Task: After locating the line with "Chambre à coucher principale" in the entries below, set down exactly that line and each one after it to the end, skipping pictures.

Supplied records:
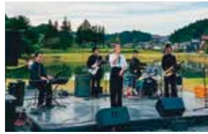
昨年のジャズフェスの無量光院跡ステージ
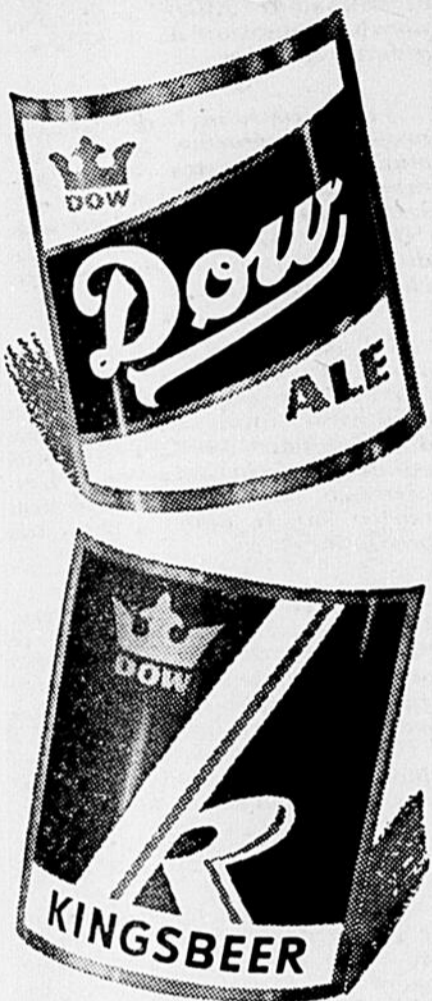
DOW... KINGSBEER... Deux bières de bon goût pour les Canadiens, à l'année longue.
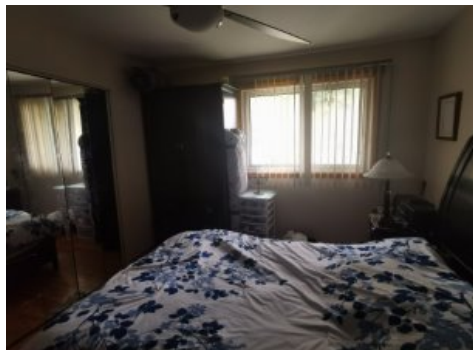
Chambre à coucher principale
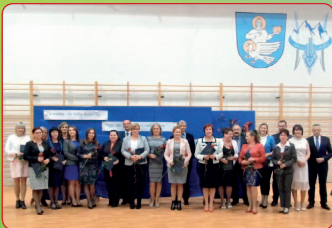
Dzień Edukacji Narodowej w Łącku
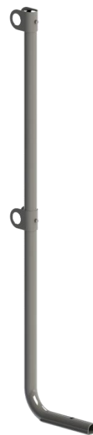
Ståndare skyddsräcke släta tak

Reply:
Chambre à coucher principale
Dzień Edukacji Narodowej w Łącku
Ståndare skyddsräcke släta tak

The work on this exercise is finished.